Africa, Development & Aid, Environment, Headlines, Health


Toye Olori

LAGOS, Nov 14 2003 (IPS) - Blocked drains, heaps of garbage in the streets, remnants of food and disused household items: these things have become a common sight in the Nigerian commercial capital of Lagos over the past few years, prompting some to label it the “dirtiest city in the world”.

The unsanitary conditions have reportedly led to cholera outbreaks, and in a suburb like Iwaya disease spreads quickly.

As with many other areas of the city, it is densely populated. Residents live in what are called “face-me-I-face-you” single rooms with shared kitchen, bathroom and toilet facilities. In some buildings, these rooms can house as many as eight people.

“Some residents are very dirty and they are not worried about their…environments. I have often quarreled with the residents of the house near ours over their dirty habits which cause blockage of the drains,” says Caroline Oluwadare, who lives in Iwaya.

Starting this month, however, Lagos might just find itself turning over a new leaf. A programme called “Kick Against Indiscipline” (KAI) has been launched to clean up the city – and the state in which it is situated, Lagos State.

A similar initiative was tried in 1999, but it fell flat after residents complained that it was bad for business. On the days when clean up operations were scheduled, no company was allowed to operate during the three hours set aside for garbage collection.

President Olusegun Obasanjo later cancelled the exercise, saying people should get into the habit of cleaning their own environments – and not be forced to do so.

State officials seem to be adopting a sterner position this time around, however. About 500 people have been trained to help implement KAI.

Street captains have been appointed for the various suburbs to identify and arrest people who disobey sanitation and environmental laws. Possible offences include indiscriminate dumping of refuse, patronising unauthorised refuse collectors and the failure to pay for services rendered by registered collectors. Throwing garbage from a moving vehicle is also considered a crime.

Previously, unregistered collectors, or cart pushers, had competed with government-sanctioned operators in the collection of refuse from homes. The unregistered cart pushers have been accused of dumping garbage on highways and elsewhere, endangering public health.

The Lagos State Waste Management Authority (LAWMA) is also supposed to collect refuse, but does not deliver the service it should.

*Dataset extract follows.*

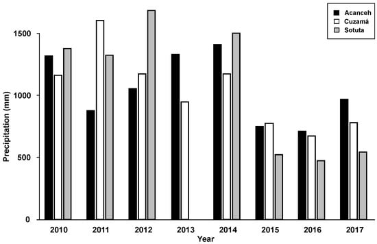 Precipitation data between 2010 and 2017 are shown in Figure 5, at three different meteorological stations near the geohydrological reserve area, Acanceh (north), Cuzamá (center) and Sotuta (south), from meteorological stations of the CONAGUA. A gradient is observed with eight years mean annual average precipitation data, 1062.0 mm (Acanceh), 1027.9 mm (Cuzamá) and 971.3 mm (Sotuta). In 2014, one year before sampling campaigns of the study, high precipitations were presented in the region. A widespread precipitation condition has been present since 2012, with high water recharge and groundwater dilution. A dry period began in 2015, finishing in 2017, from which the differences between the two seasons may be due to lower recharge and concentration of minerals in the groundwater. Ref. [] suggested that the recharge area was not only regulated by both the dissolution and precipitation of minerals. It seems that precipitation conditions caused lower ecosystem service quality in 2015 (yellow), compared to 2016 conditions (green) for water consumption and for aquatic life protection as presented in Table 5.
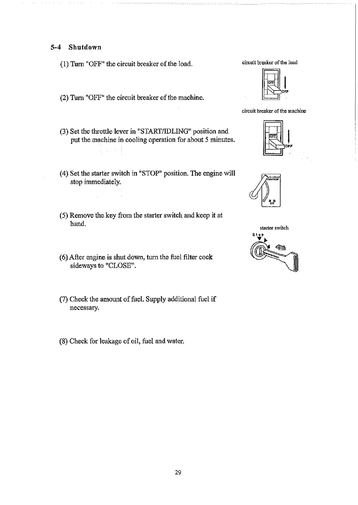 (4) Set the starter switch in "STOP’1 position. The engine will

For many Lagos dwellers, LAWMA is simply another parastatal rife with corruption and inefficiency.

“Every (piece of) refuse that is dumped on the streets assaults (a) neighbour, lowers everyone’s dignity (and) keeps decent and meaningful visitors away from our shores,” said Tunji Bello, State Commissioner for the Environment, during a ceremony to kick off KAI.

“Refuse that is dumped in the drainage eventually…destroys property through flooding, and tarnishes good roads. Surely that is neither democracy nor liberty? Liberty lacking in order can only be a license to the jungle,” he added.

Any one caught flouting the law risks going to jail for between six months and a year, paying a fine of up to 27 dollars – or both.

The KAI initiative will hold monthly clean up sessions, the first of which occurred last weekend (Nov. 8 to Nov. 9), when people of all ages took to the streets with brooms, rakes and shovels in hand. All traffic was ordered off the roads for the duration of the exercise.

KAI will also focus on shops and stalls that have been illegally erected. Bulldozers have already pulled down several structures, including one that housed a thriving business centre.

“The action of government is an invitation to chaos and banditry. A lot of our things worth several thousands – including electric typewriters, photocopiers, air conditioners, lamination machines and generating sets – have been damaged in the process,” lamented the owner of one of the shops.

The bewildered trader, who gave his name simply as Emanuel, told IPS “We traders and hawkers massively voted for the governor in the last elections, but this is what he is paying us with for voting for him.”

“He has disappointed us with what he has done today because this is a plot to stifle us economically, though we have been paying taxes to the state government…We also paid the Lagos Island local government before we were permitted to do business here,” he added.

Traders are now required to deposit all their wastes at registered collection points near markets, and to cooperate with sellers’ associations to maintain the cleanliness of their markets. Previously many traders, especially fruit sellers, often left their rotten produce at the point of sale, instead of clearing it for collection.

While the majority of people interviewed on the streets of Lagos support the sanitation programme, some aspects of it – especially the banning of street trading – have been condemned.

“I am worried that the new law also bans street trading, especially on highways. Most of these boys and girls who sell in traffic jams live and help their family through that…If you send them off the streets, what will they be doing?” asked John Ihilegbu, a civil servant.

“They cannot afford shops even if the shops are available. I think government will only create more unemployment and more criminals,” he added.

The government does not seem to have any policies for accommodating youths who would be sent off the streets, to prevent them from resorting to crime.

“I do not know of any programme yet…The officials who can talk to you on the issue have all gone out on assignment. Call back later in the day,” an official who declined to be named told IPS.